What Does This Mean for Property Buyers?
For prospective buyers, the revised forecast carries several practical implications. Those considering purchasing in more affordable regions have reason for cautious optimism — price growth projections suggest that waiting too long could mean paying more for the same property in three to five years. At the same time, the pace of any recovery is expected to be measured rather than dramatic, giving buyers time to plan carefully without the fear of runaway price inflation.
First-time buyers in particular should note that affordability-driven markets tend to offer better value for money and a greater chance of getting onto the housing ladder without overstretching financially. Mortgage lenders will also be watching these forecasts closely, as they inform lending risk models and the availability of higher loan-to-value products.
Implications for Property Investors
For buy-to-let landlords and property investors, the Savills revision reinforces a strategy that many have already been adopting: looking beyond London and the South East for capital growth and rental yield. Northern cities, university towns, and regenerating urban centres offer a combination of income return and growth potential that is difficult to find in more expensive southern markets.
Investors should also consider the long-term trajectory of rental demand. With homeownership remaining out of reach for many households in high-cost areas, the private rental sector is likely to remain under structural demand pressure, supporting rental income alongside any capital appreciation.
The Broader Market Context
It is worth noting that house price forecasts are inherently uncertain. Savills, like all forecasters, is working with assumptions about future interest rates, economic growth, employment levels, and government policy — all of which can change materially. The revised forecast should therefore be treated as a well-informed guide rather than a guarantee.

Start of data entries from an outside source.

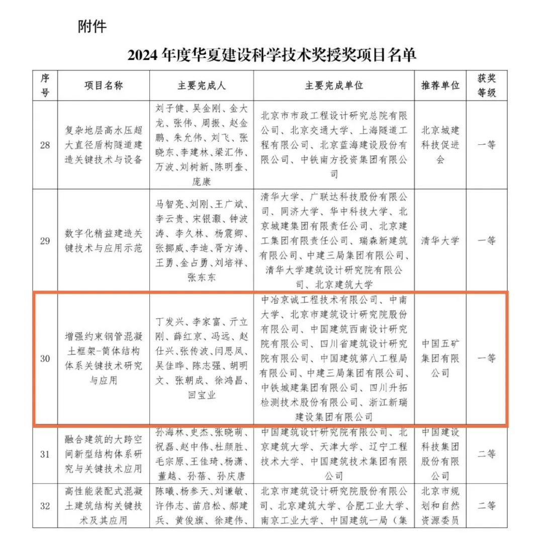 近日,华夏建设科学技术奖励委员会发布《关于发布“2024年度华夏建设科学技术奖”授奖项目的公告》(华夏奖字〔2025〕第1号),中冶京诚工程技术有限公司牵头,诸侯快讯ok1122参与完成的“增强约束钢管混凝土框架-筒体结构体系关键技术研究与应用”荣获一等奖,我院丁发兴教授个人主持。
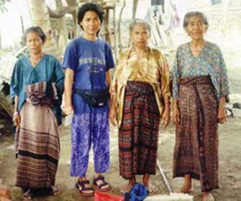traditionellen Sarongs der Frauen auf, die zusammen mit westlichen Blusen getragen werden.Seltener allerdings trifft man auf Männer, die noch die schwarz-blau gestreiften, langen Röcke tragen.Hier sehen Sie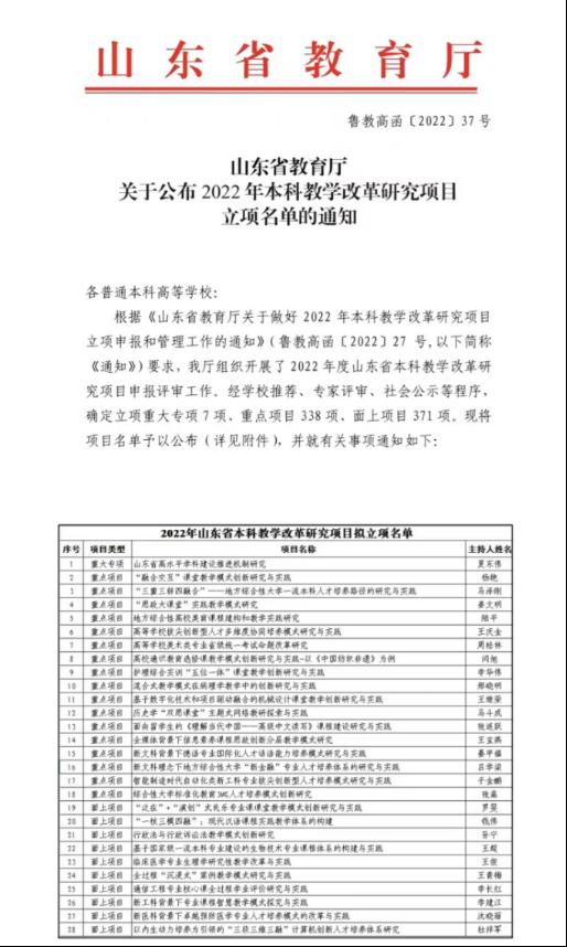 近日,山东省教育厅公布了2022年山东省本科教学改革研究项目立项名单。黑料

Government interventions in the housing market, including planning reform, stamp duty changes, and schemes to support first-time buyers, could all influence outcomes in either direction. Similarly, unexpected global economic shocks or a sharper-than-expected slowdown in wage growth could alter the affordability picture significantly.
Key Takeaways
- Savills has revised its five-year UK house price forecast in response to changing economic and mortgage market conditions.

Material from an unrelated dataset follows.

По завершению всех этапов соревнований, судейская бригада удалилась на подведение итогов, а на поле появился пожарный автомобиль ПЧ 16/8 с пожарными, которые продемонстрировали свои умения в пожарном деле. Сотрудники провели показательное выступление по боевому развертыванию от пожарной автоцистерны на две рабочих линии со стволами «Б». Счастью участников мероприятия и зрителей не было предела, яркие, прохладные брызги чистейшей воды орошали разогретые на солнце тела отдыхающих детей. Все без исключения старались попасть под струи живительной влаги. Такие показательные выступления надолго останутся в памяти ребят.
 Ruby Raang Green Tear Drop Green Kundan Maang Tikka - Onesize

- Regional affordability remains the primary driver of where growth will be strongest over the forecast period.
- More affordable regions in the North, Midlands, Scotland, and Wales are expected to outperform London and the South East on a cumulative basis.
- Buyers and investors should use the forecast as a strategic planning tool while remaining mindful of the inherent uncertainties in any long-range projection.

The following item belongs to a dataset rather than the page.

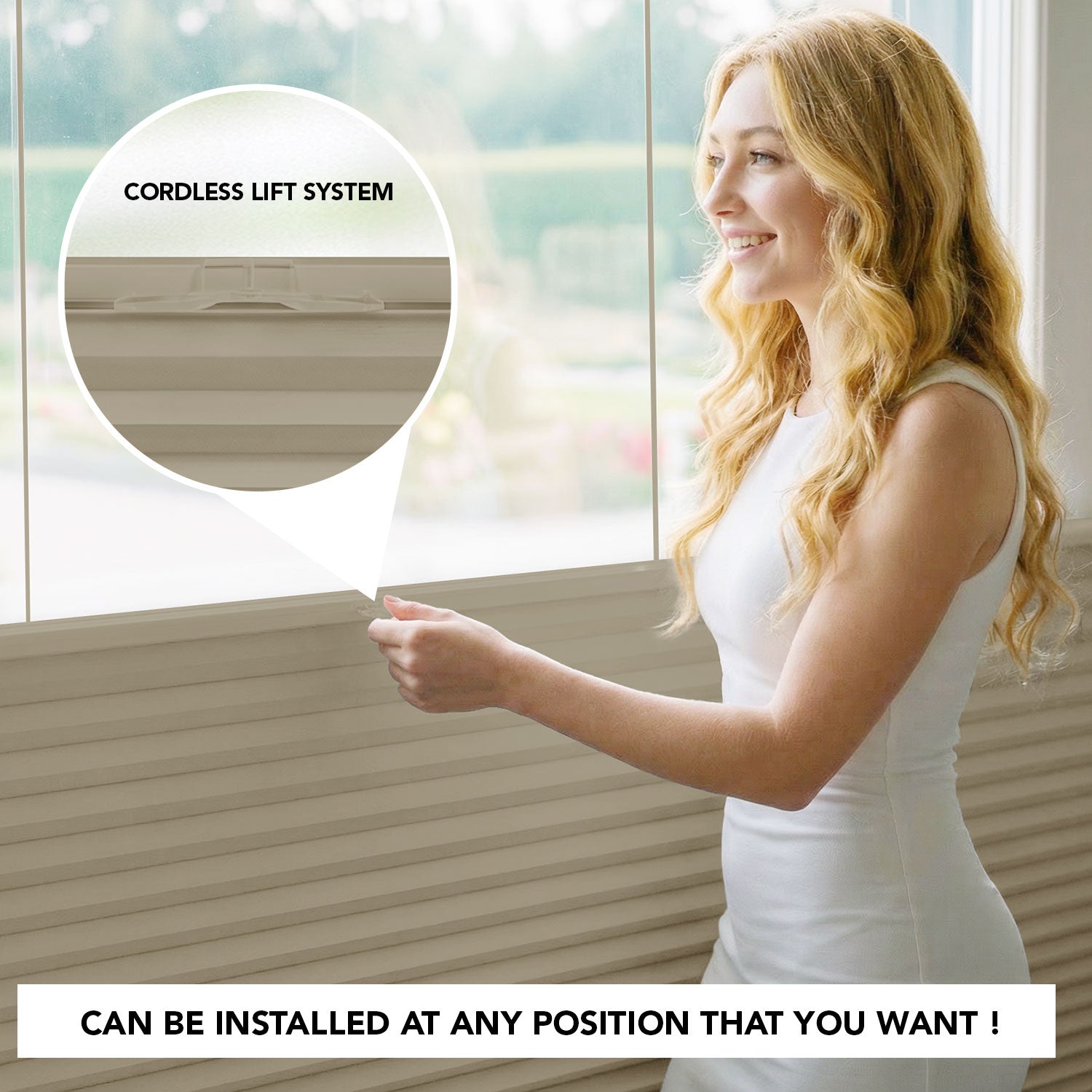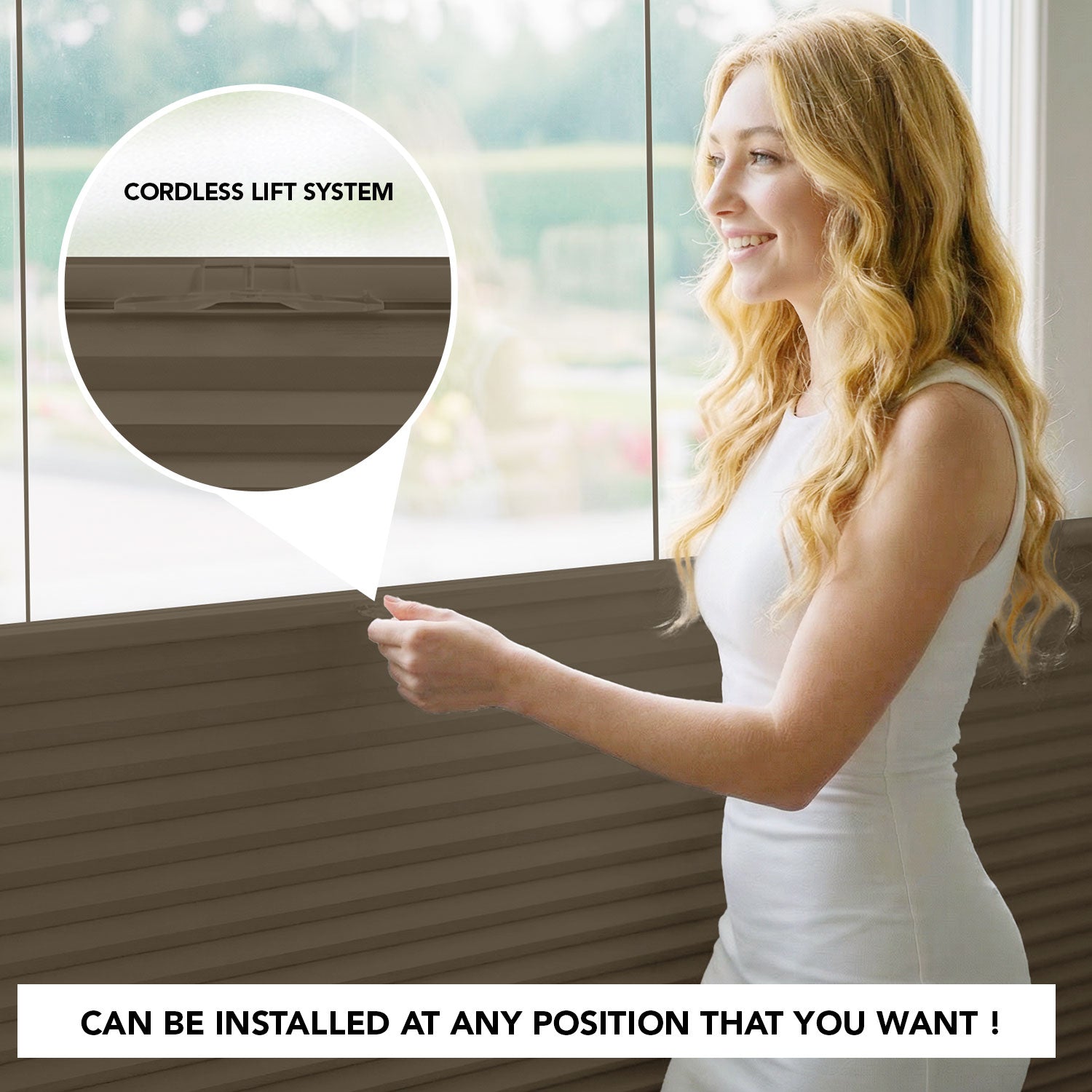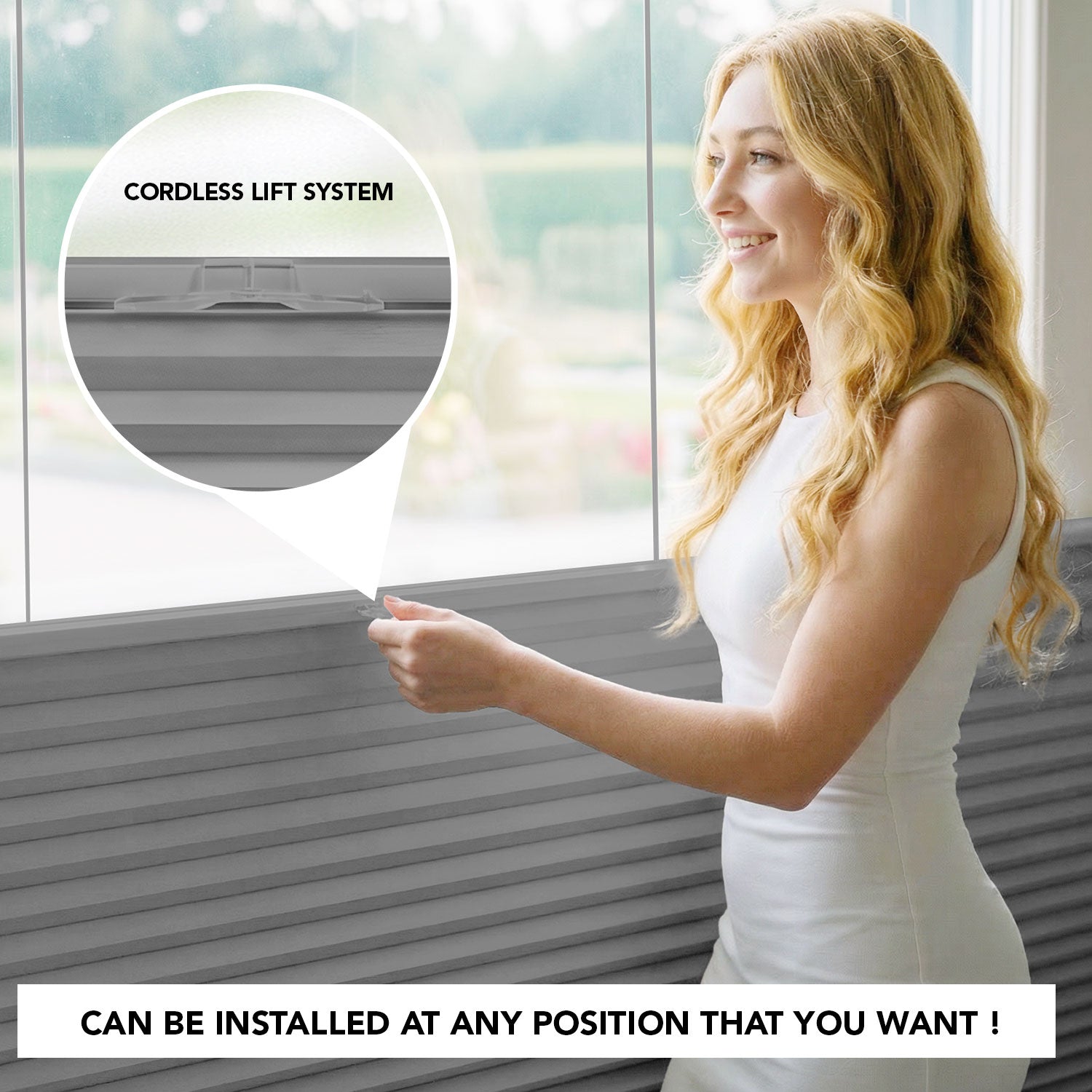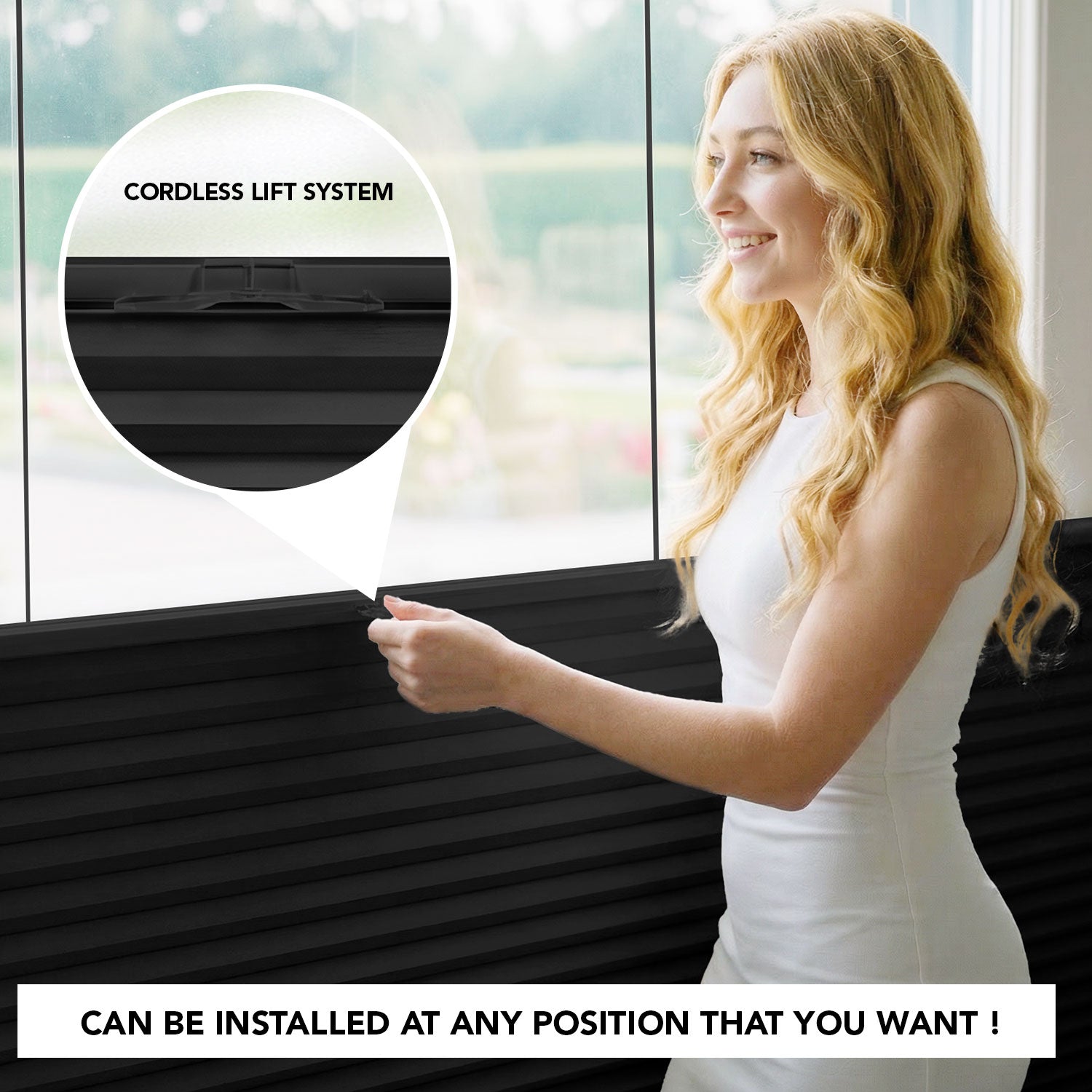 - Top-down/bottom-up design with guiding cords for added stability

- The gradual easing of mortgage rates is expected to support a measured, rather than dramatic, recovery in house prices across the UK.
Savills' revised five-year forecast is a timely reminder that the UK property market is far from homogeneous. Location, affordability, and local economic fundamentals matter enormously — and in the current environment, they matter more than ever. Whether you are buying, selling, or investing, aligning your strategy with these regional dynamics could make a significant difference to your financial outcomes over the coming years.